[THE PROBLEM]
Begin at the line below that has "养护也很简单,保持苔藓湿润哦". Stop after the line that has "Félix Lebrun se", repeating each line exactly and leaving out the pictures.
/---
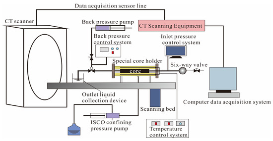The X-CT scanning experiment was carried out using a self-developed core online CT scanning system (Figure 2). The X-CT device was the Xradia-200 Micro-CT at the Core Laboratories of the EOR (enhanced oil recovery) Department of the Institute of Petroleum Exploration and Development of China. The scanning voltage was 120 keV, the current was 130 μA, and the spatial resolution was 0.5–35 μm. The CT image analysis software (CCTAS 2.0) was used for the data processing. In addition, a special core holder with a shell made of polyether ether ketone (PEEK) material was used to hold the core in position, and the X-rays could penetrate the core and reduce the scanning error caused by the ray hardening effect. Additionally, the apparatus used for the QEMSCAN test was the QEMSCAN ® 650F.
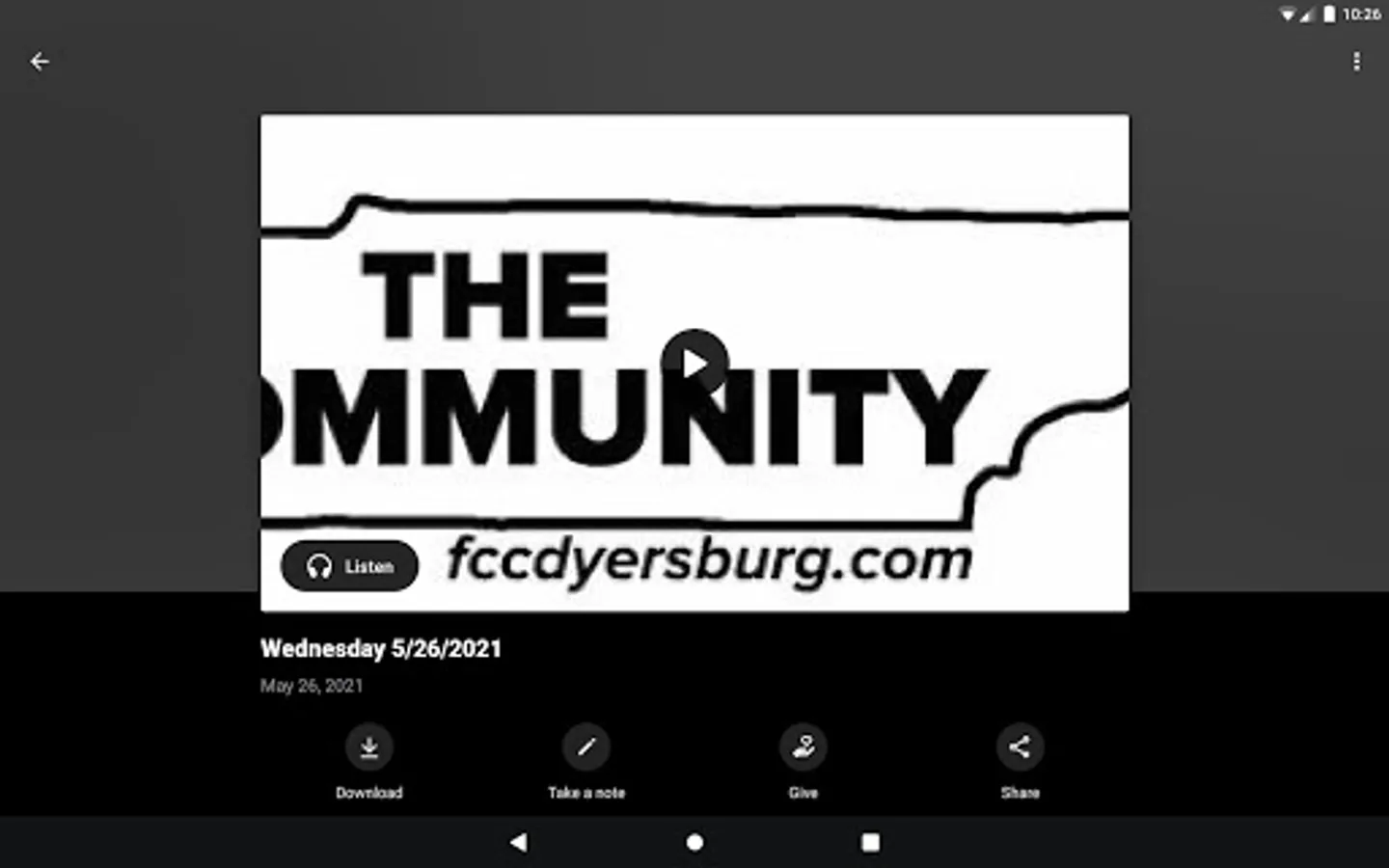 This app will help you stay connected with the day-to-day life of The Community @ Dyersburg. With this app you can: watch or listen to past messages; stay up to date with push notifications; share your favorite messages via Twitter, Facebook, or email; and download messages for offline listening.
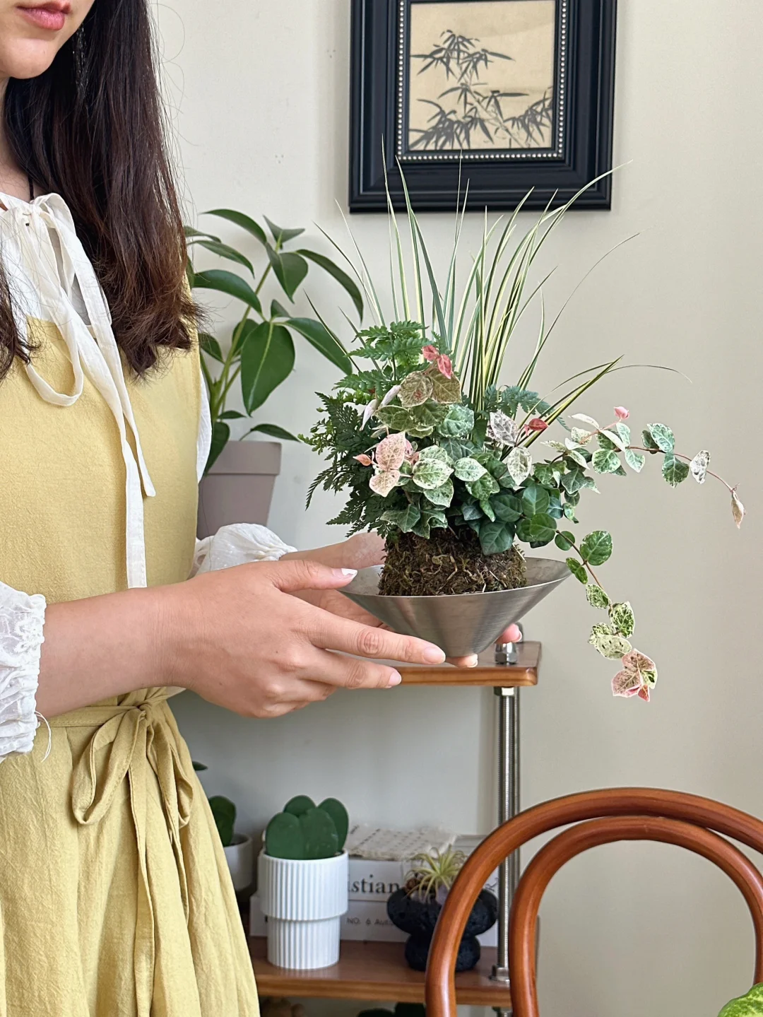 养护也很简单,保持苔藓湿润哦。苔藓表面干了,就需要给他泡一下水,等他不吸水,一定要把多余的水倒掉哦~放在通风明亮散射光的地方~养护是不是很简单~
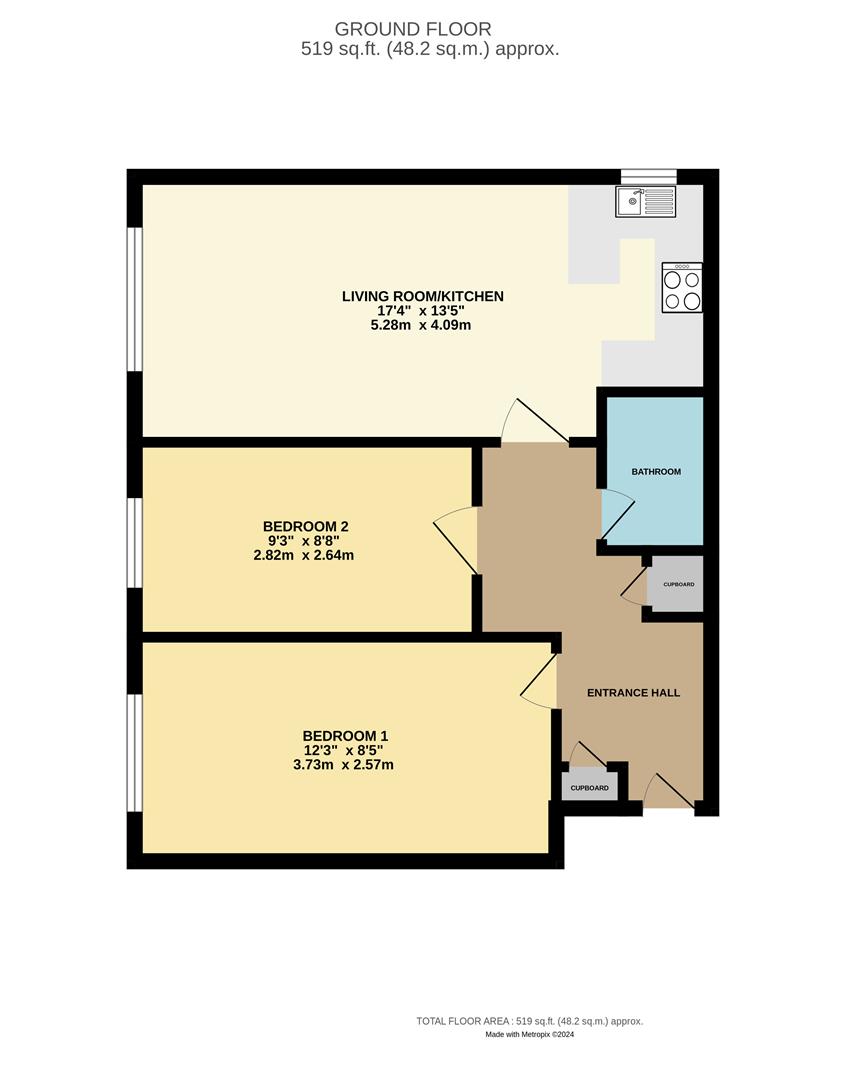 The flat features two well-proportioned bedrooms. The open-plan living room and kitchen is a welcoming area, perfect for entertaining guests or enjoying quiet evenings at home. The layout is thoughtfully designed to maximise space and light throughout.
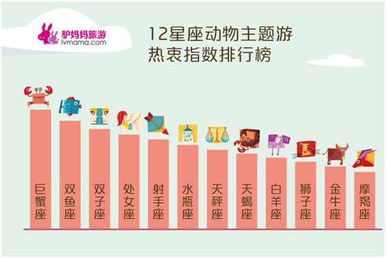 “以前大家都會覺得動物主題游就是去逛動物園,事實上動物主題游早已超出這個范疇。”驢媽媽CEO王小松提到:目前國內(nèi)動物主題游主要包括動物園、野生動物園和海洋館等景區(qū)場館類旅游,而以動物為主題的度假酒店和戶外動物保護基地游覽也都應(yīng)該涵蓋在內(nèi)。動物主題游最受親子家庭青睞,安全問題更不容忽視。 親子游客占比超65% 摩羯座最不愛逛動物園
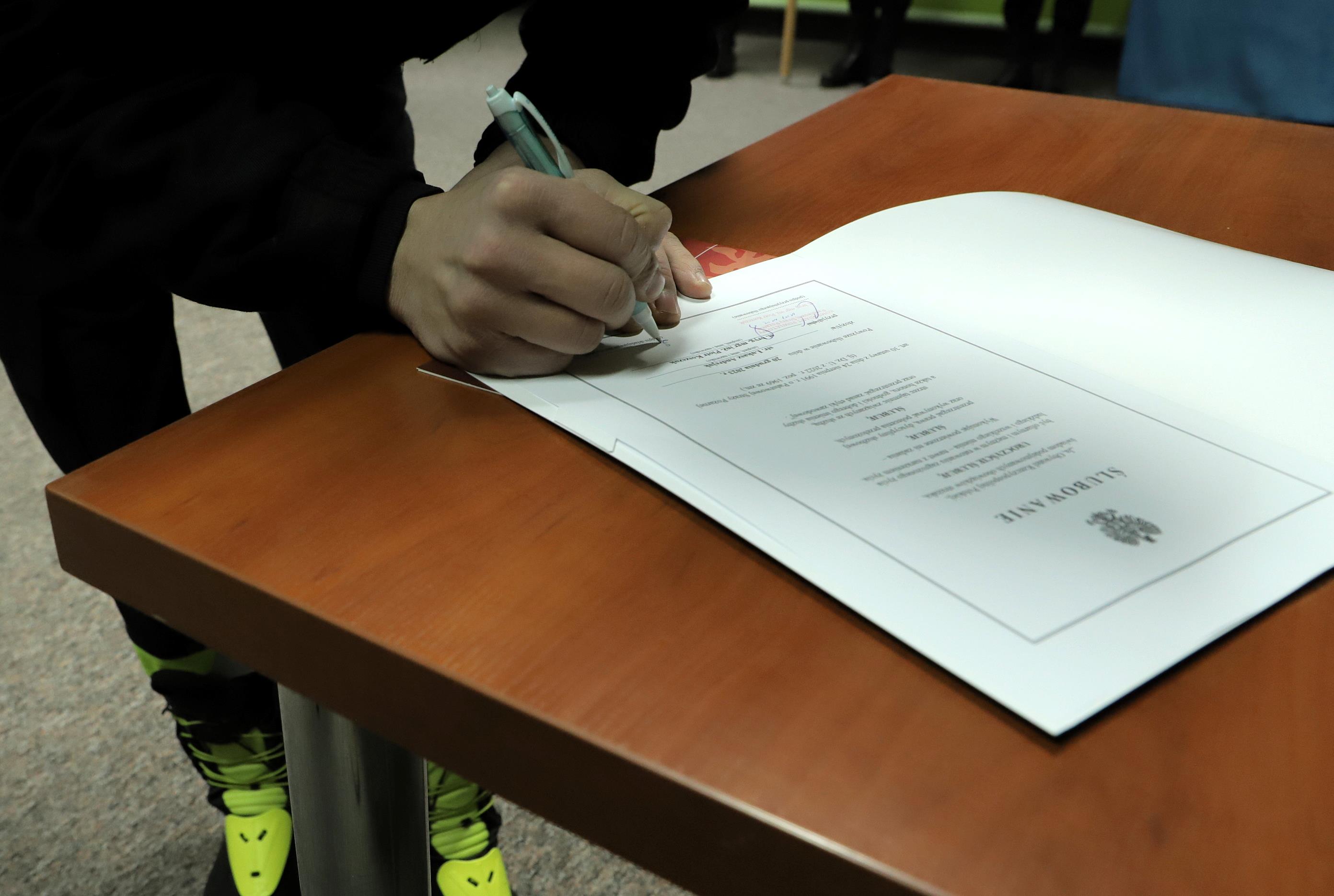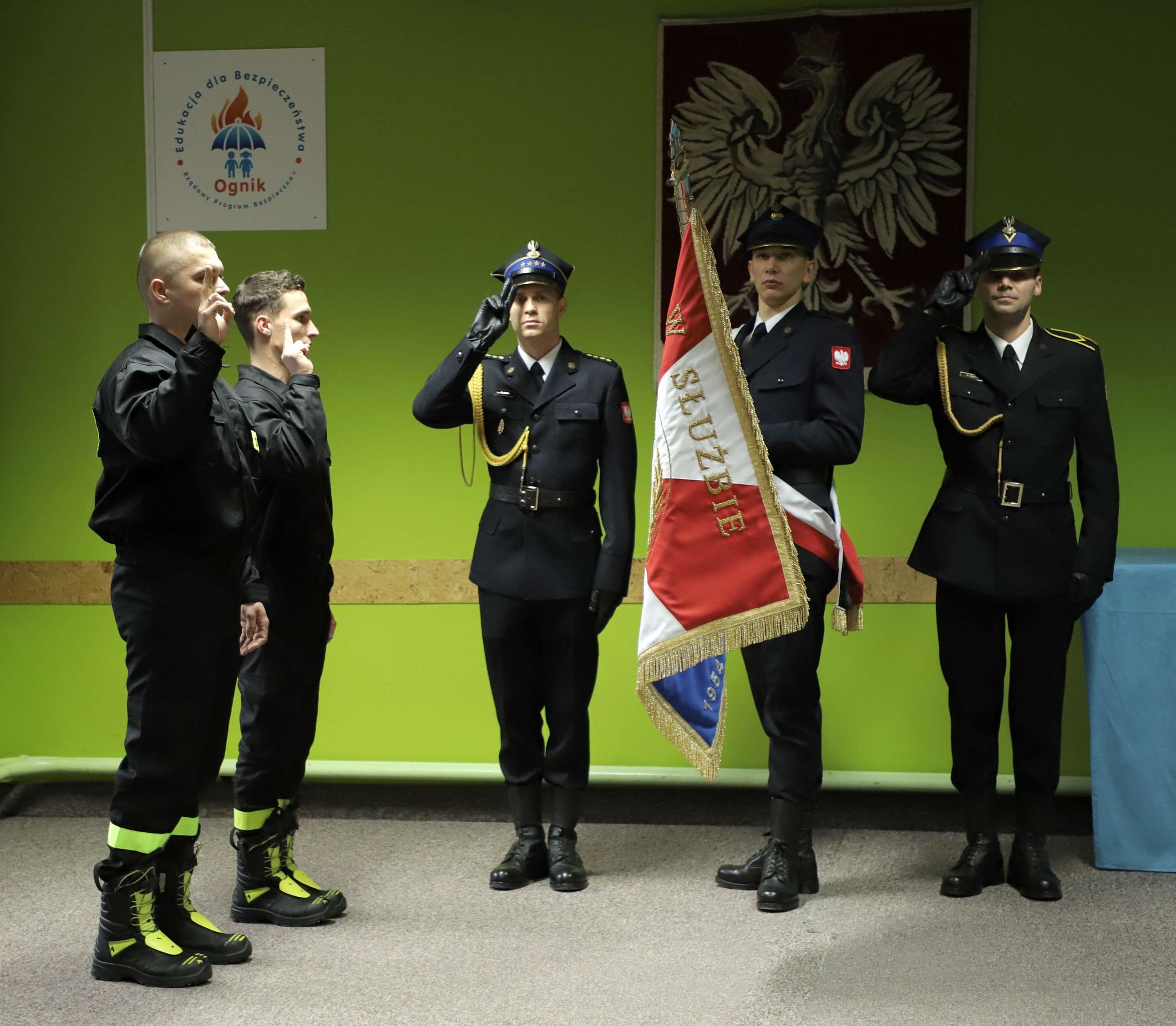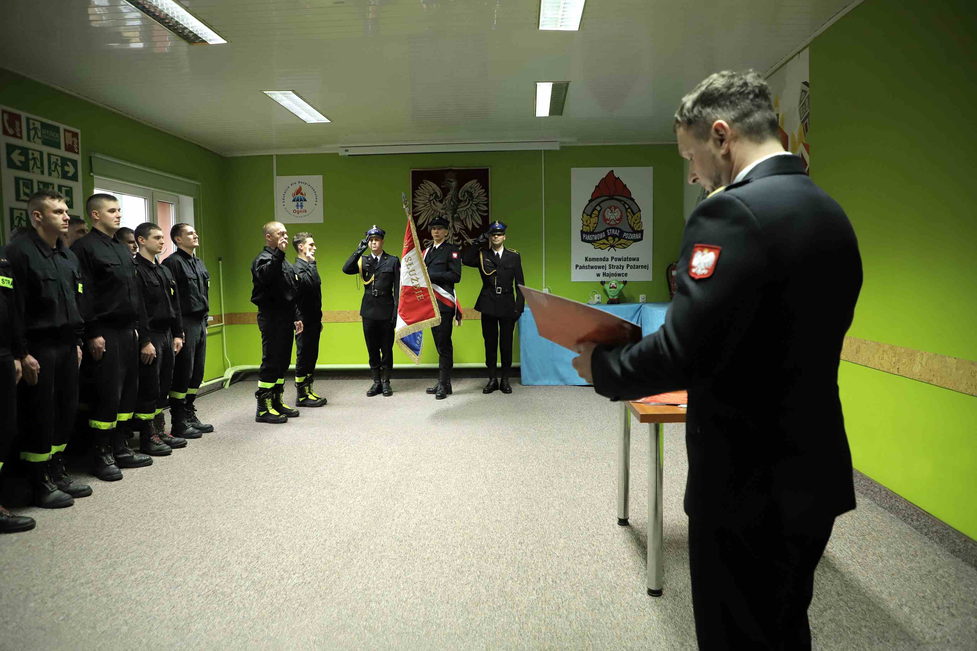 Uroczystość ślubowania rozpoczęła się od złożenia meldunku Komendantowi Powiatowemu Państwowej Straży Pożarnej w Hajnówce st. bryg. Piotrowi Koszczukowi. Następnie nowo przyjęci strażacy złożyli ślubowanie na sztandar Komendy Powiatowej PSP w Hajnówce oraz złożyli podpis pod aktem ślubowania. Strażak Krystian Ługowski oraz strażak Łukasz Andrejuk w przemówieniu Komendanta oficjalnie zostali powitany wśród funkcjonariuszy KP PSP w Hajnówce a także odebrali gratulacje i życzenia rozwoju zawodowego i satysfakcji z pełnionej służby.
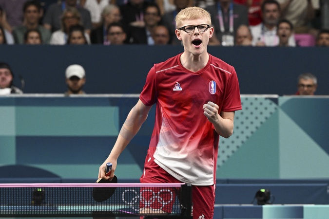 Félix Lebrun se qualifie pour les demi-finales aux épreuves de tennis de table lors des Jeux Olympiques de Paris 2024 (JO) à l'Arena Paris Sud
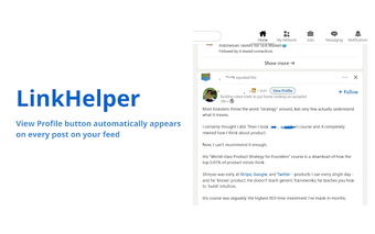 LinkHelper är ett kostnadsfritt tillägg för Chrome som revolutionerar sättet användare interagerar med LinkedIn. Genom att lägga till en 'View Profile'-knapp vid varje inlägg, möjliggör det snabba förhandsgranskningar av profiler utan att behöva navigera bort från flödet. Tillägget är utformat för att hålla användarens kontext intakt, vilket gör det enkelt att bläddra igenom profiler samtidigt som man följer sitt flöde.
\---
[EXERCISE RESPONSE]
 养护也很简单,保持苔藓湿润哦。苔藓表面干了,就需要给他泡一下水,等他不吸水,一定要把多余的水倒掉哦~放在通风明亮散射光的地方~养护是不是很简单~
 The flat features two well-proportioned bedrooms. The open-plan living room and kitchen is a welcoming area, perfect for entertaining guests or enjoying quiet evenings at home. The layout is thoughtfully designed to maximise space and light throughout.
 “以前大家都會覺得動物主題游就是去逛動物園,事實上動物主題游早已超出這個范疇。”驢媽媽CEO王小松提到:目前國內(nèi)動物主題游主要包括動物園、野生動物園和海洋館等景區(qū)場館類旅游,而以動物為主題的度假酒店和戶外動物保護基地游覽也都應(yīng)該涵蓋在內(nèi)。動物主題游最受親子家庭青睞,安全問題更不容忽視。 親子游客占比超65% 摩羯座最不愛逛動物園
 Uroczystość ślubowania rozpoczęła się od złożenia meldunku Komendantowi Powiatowemu Państwowej Straży Pożarnej w Hajnówce st. bryg. Piotrowi Koszczukowi. Następnie nowo przyjęci strażacy złożyli ślubowanie na sztandar Komendy Powiatowej PSP w Hajnówce oraz złożyli podpis pod aktem ślubowania. Strażak Krystian Ługowski oraz strażak Łukasz Andrejuk w przemówieniu Komendanta oficjalnie zostali powitany wśród funkcjonariuszy KP PSP w Hajnówce a także odebrali gratulacje i życzenia rozwoju zawodowego i satysfakcji z pełnionej służby.
 Félix Lebrun se qualifie pour les demi-finales aux épreuves de tennis de table lors des Jeux Olympiques de Paris 2024 (JO) à l'Arena Paris Sud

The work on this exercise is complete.